### WHAT TO PRODUCE
Once you find the line with "104 盧宥辰 深海龍蝦大王" in the entries below, print it and each line after it up to and including the line with "протопресвитер Константин Изразцов", exactly, without pictures.

### TASK INPUT
- Opening Delimiter -

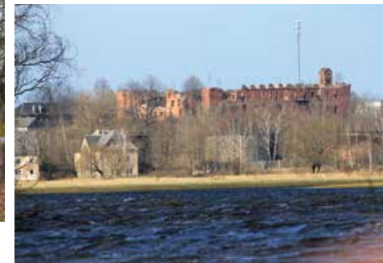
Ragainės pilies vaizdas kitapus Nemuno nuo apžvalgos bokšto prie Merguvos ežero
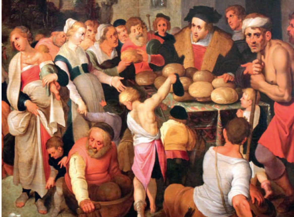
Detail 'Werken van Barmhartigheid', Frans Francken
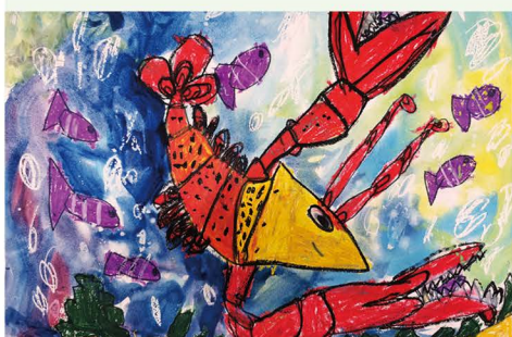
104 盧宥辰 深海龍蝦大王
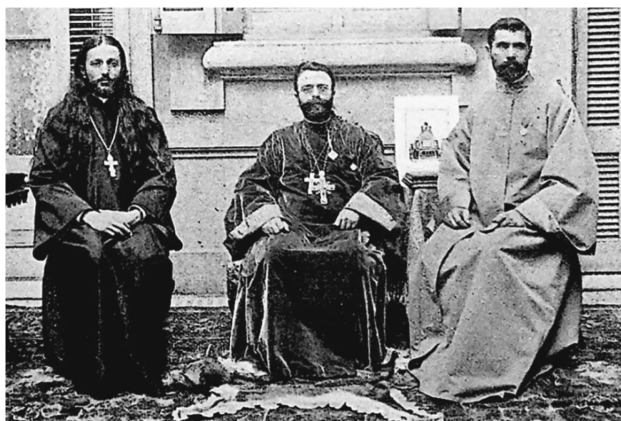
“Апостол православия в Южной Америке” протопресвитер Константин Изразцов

- Closing Delimiter -
- Opening Delimiter -

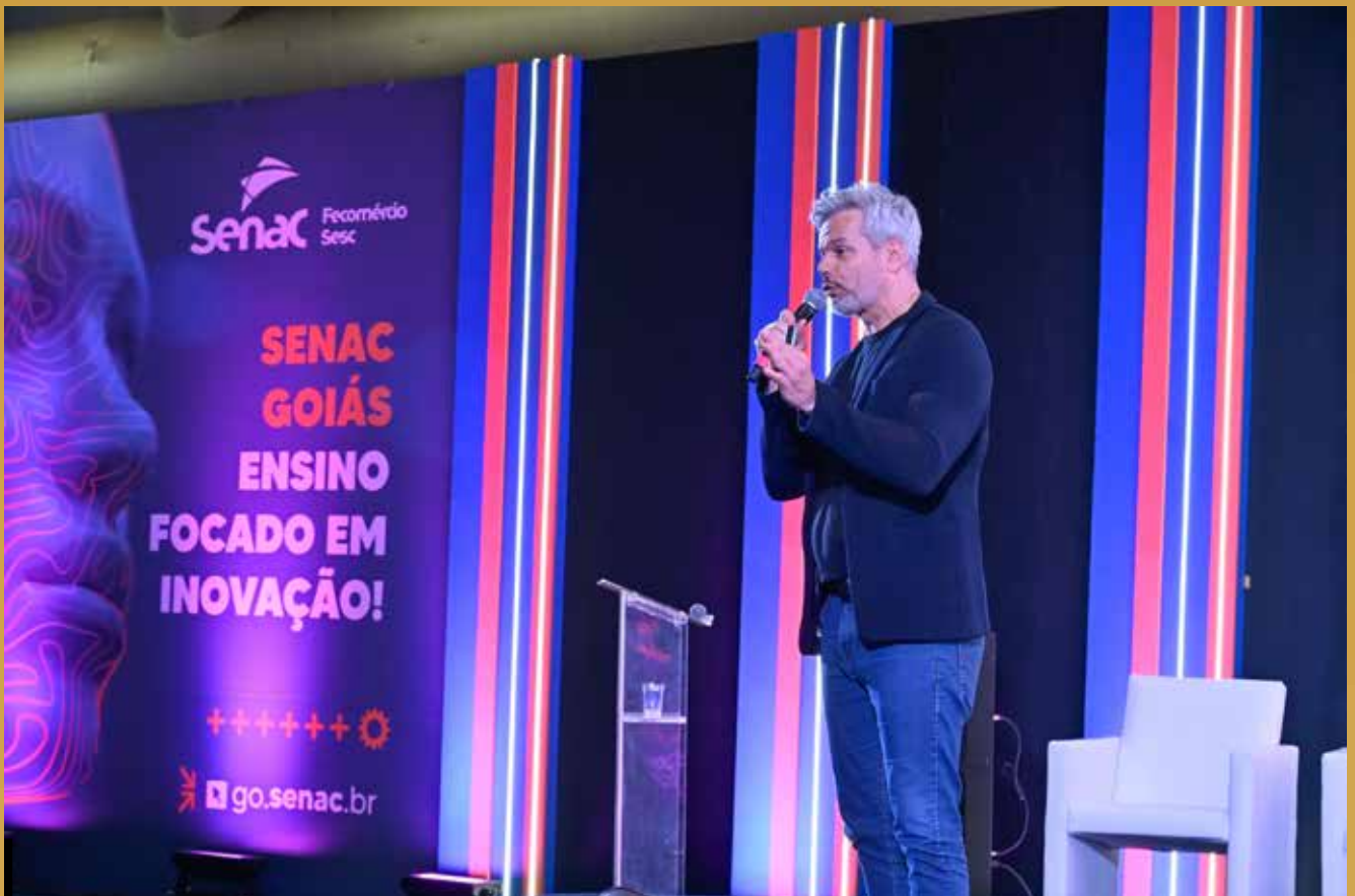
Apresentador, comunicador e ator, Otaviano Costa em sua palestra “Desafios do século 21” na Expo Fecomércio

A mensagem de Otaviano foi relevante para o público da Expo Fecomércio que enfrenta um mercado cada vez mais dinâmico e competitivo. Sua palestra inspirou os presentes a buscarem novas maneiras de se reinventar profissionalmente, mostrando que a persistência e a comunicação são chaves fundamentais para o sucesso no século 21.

- Closing Delimiter -
- Opening Delimiter -

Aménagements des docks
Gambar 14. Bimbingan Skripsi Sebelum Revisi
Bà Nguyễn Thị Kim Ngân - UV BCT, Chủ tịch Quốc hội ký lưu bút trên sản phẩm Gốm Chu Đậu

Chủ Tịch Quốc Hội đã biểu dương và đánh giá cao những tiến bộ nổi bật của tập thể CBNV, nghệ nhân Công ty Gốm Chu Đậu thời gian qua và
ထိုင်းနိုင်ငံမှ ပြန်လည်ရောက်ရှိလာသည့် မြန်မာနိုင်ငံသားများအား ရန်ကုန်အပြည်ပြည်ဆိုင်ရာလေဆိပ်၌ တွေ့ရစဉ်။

- Closing Delimiter -

### ANSWER
104 盧宥辰 深海龍蝦大王
“Апостол православия в Южной Америке” протопресвитер Константин Изразцов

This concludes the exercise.